→ **Your task**
Transcribe the listing below exactly, leaving out each image.

→ **Data extract**
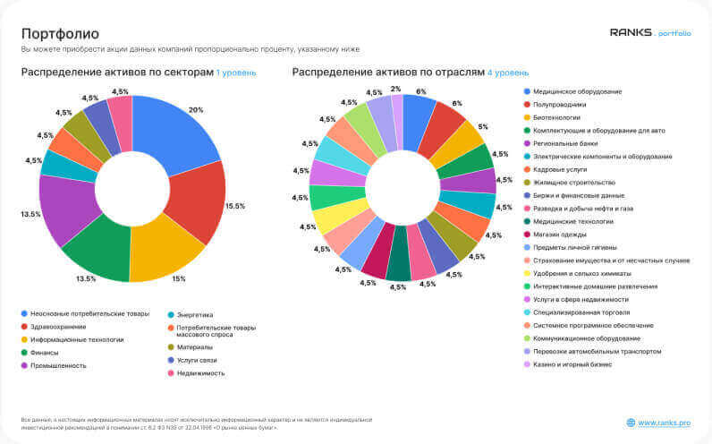 При этом портфель хорошо сбалансирован компаниями из разных отраслей (в которых отобраны лучшие компании)
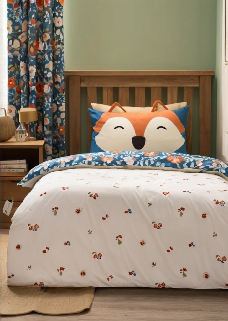 Zmień sypialnią swojego malucha w leśną krainą czarów z naszym lisem & Zestaw pościeli Woodland Friends. Ten uroczy zestaw, ozdobiony zachwycającym wzorem przyjaznych leśnych stworzeń, wnosi do wnątrz odrobiną natury. Poszewka na poduszką ma urocze lisie uszy, które dodają zabawnego i zabawnego elementu przed snem. Wykonane z łatwego w pielągnacji poliestru pochodzącego z recyklingu i miąkkiej bawełny, przeznaczone do codziennego użytku.
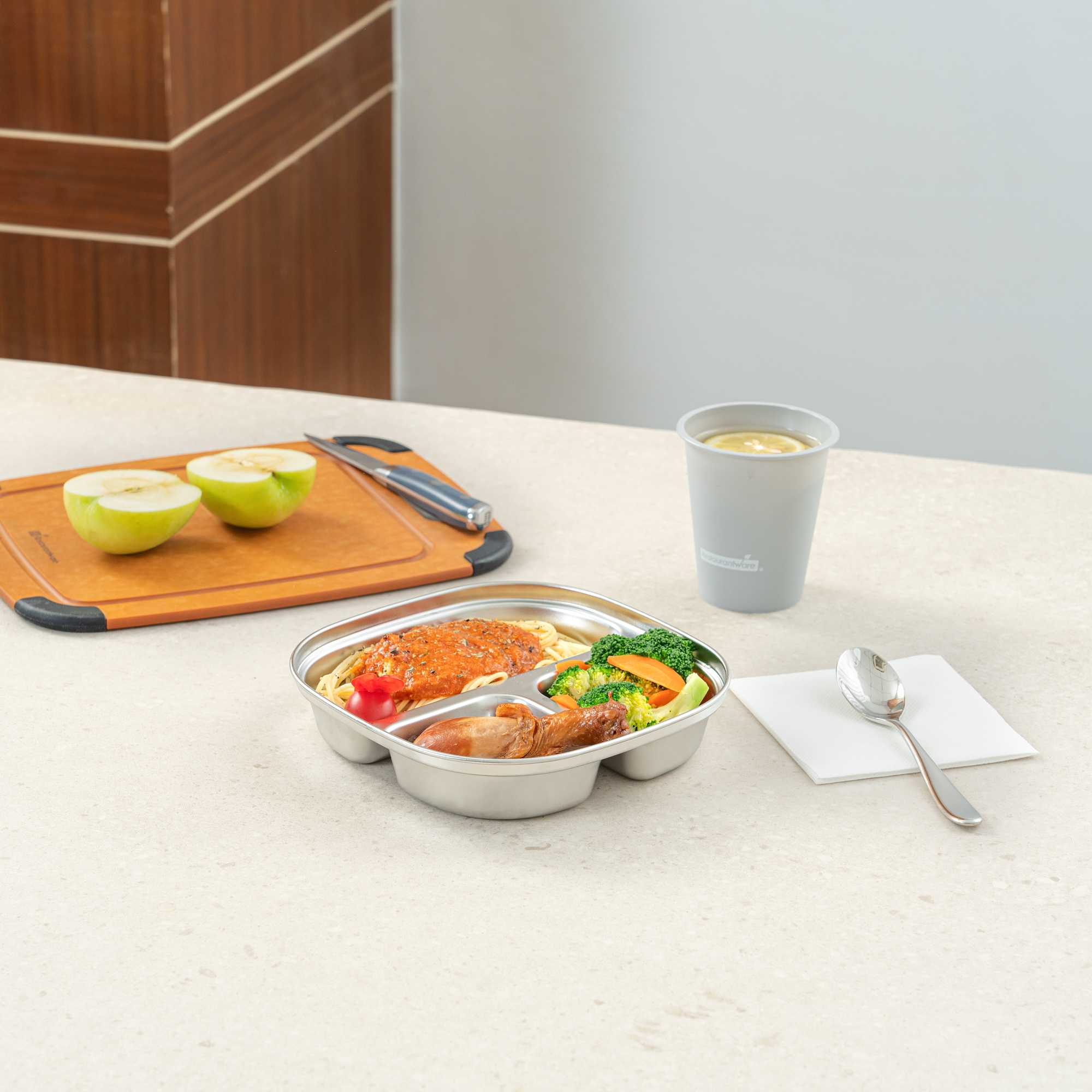 - 3-section design simplifies portion control and presentation

→ **Your response**
 При этом портфель хорошо сбалансирован компаниями из разных отраслей (в которых отобраны лучшие компании)
 Zmień sypialnią swojego malucha w leśną krainą czarów z naszym lisem & Zestaw pościeli Woodland Friends. Ten uroczy zestaw, ozdobiony zachwycającym wzorem przyjaznych leśnych stworzeń, wnosi do wnątrz odrobiną natury. Poszewka na poduszką ma urocze lisie uszy, które dodają zabawnego i zabawnego elementu przed snem. Wykonane z łatwego w pielągnacji poliestru pochodzącego z recyklingu i miąkkiej bawełny, przeznaczone do codziennego użytku.
 - 3-section design simplifies portion control and presentation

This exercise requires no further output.